The biotin proximity labeling assay was conducted without exposing cells to light, using a TurboID module fused to TopBP1-mCherry-CRY2. Stable cell lines were then generated in HEK293 TrexFlpIn cells, where endogenous TopBP1 is still expressed. Upon adding doxycycline, the recombinant TurboID-TopBP1-mCherry-Cry2 (opto-TopBP1) is induced at levels comparable to endogenous TopBP1 (Fig 2D).
Since the opto-TopBP1 construct exhibits behavior similar to that of endogenous TopBP1 (1), we used it to investigate whether TopBP1 self-assembly and its interaction with ATR are influenced by AZD2858 alone or in combination with SN38. Our results show that treatment with SN38 increases the proximity between opto-TopBP1 and the endogenous TopBP1 (not fused to TurboID). However, AZD2858, either alone or in combination with SN38, disrupts the selfassembly of recombinant TopBP1 with itself as well as its interaction with endogenous TopBP1.

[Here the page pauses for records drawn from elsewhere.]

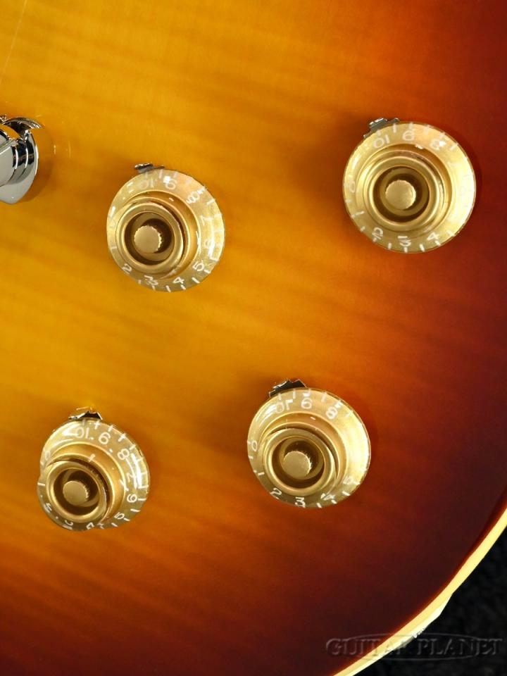 1959ラウンド・ミディアム・Cシェイプのネックにはバインディングが施され、ロング・ネック・テノン方式でボディにジョイントされています。ローレル指板にはクラシカルなディッシュ・インレイが施され、カラマズー・ヘッドストックにはヴィンテージ・デラックス・チューナーを搭載。電装系には定評のある2基のProbuckerハムバッカー・ピックアップ、ダイヤル・ポインタ付きのゴールド・トップハット・ノブを採用。
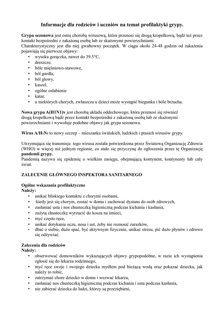 Informacje dla rodziców i uczniów na temat profilaktyki grypy.
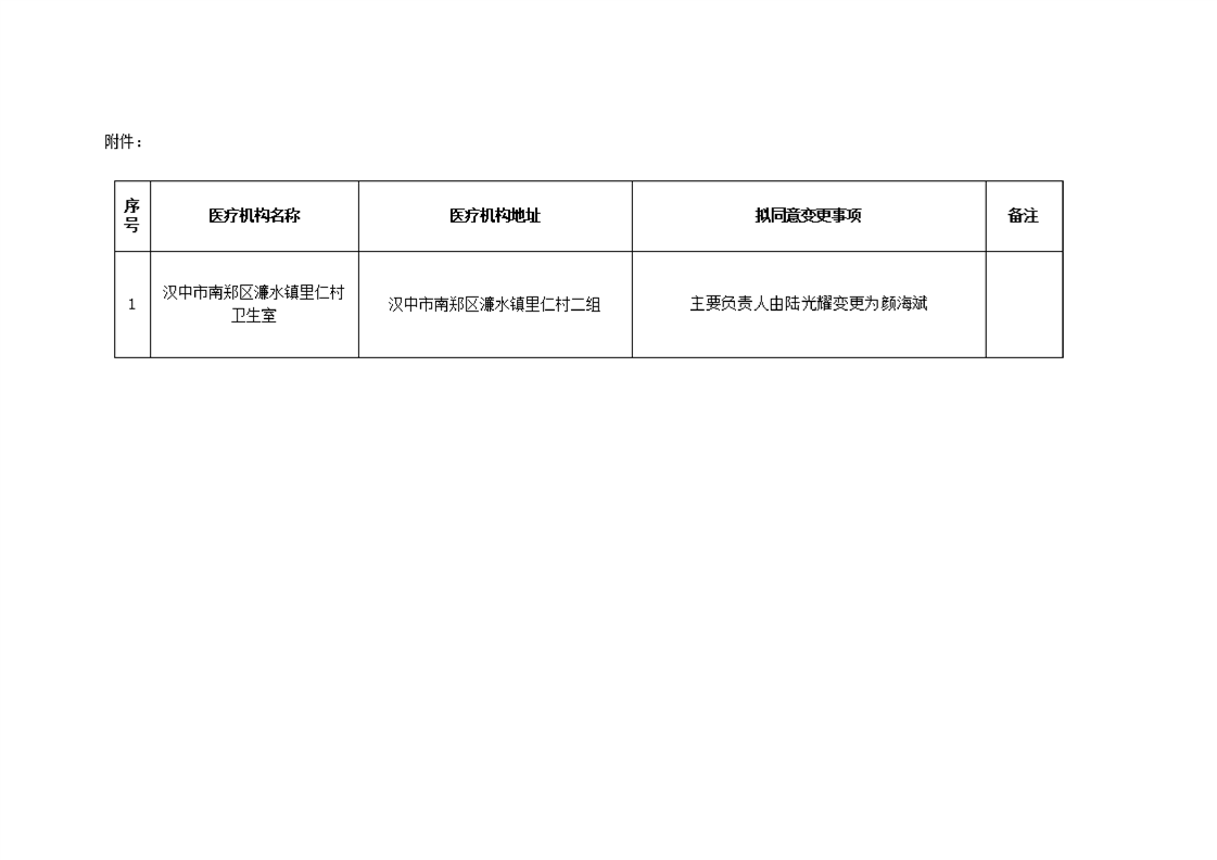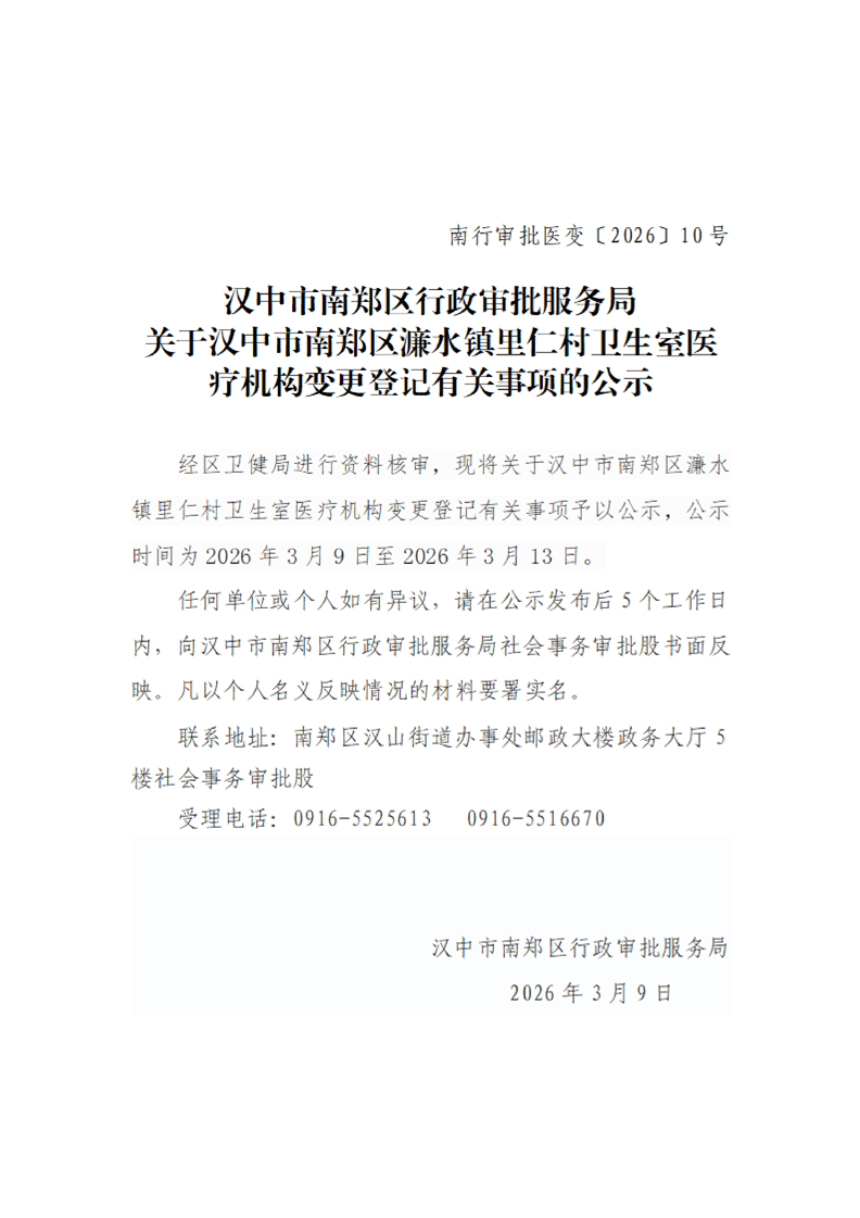 汉中市南郑区行政审批服务局关于汉中市南郑区濂水镇里仁村卫生室医疗机构变更登记有关事项的公示

(1) Frattini C, Promonet A, Alghoul E, Vidal-Eychenie S, Lamarque M, Blanchard MP, et al. TopBP1 assembles nuclear condensates to switch on ATR signaling. Molecular Cell. 18 mars 2021;81(6):1231-1245.e8.
Reviewer #3 (Significance (Required)):
Significance
Liquid phase separation of protein complexes is increasingly recognised as a fundamental mechanism in signal transduction and other cellular processes. One recent and important example was that of Topbp1, whose condensation in response to DNA damage is required for efficient activation of the ATR-Chk1 pathway. The current study asks a related but distinct question; can protein condensation be targeted by drugs to manipulate signalling pathways which in the main rely on protein kinase cascades?
Here, the authors identify an inhibitor of GSK3-beta as a novel inhibitor of DNA damage-induced Topbp1 condensation and thus of ATR-Chk1 signalling.
This work will be of interest to researchers in the fields of DNA damage signalling, biophysics of protein condensation, and cancer chemotherapy.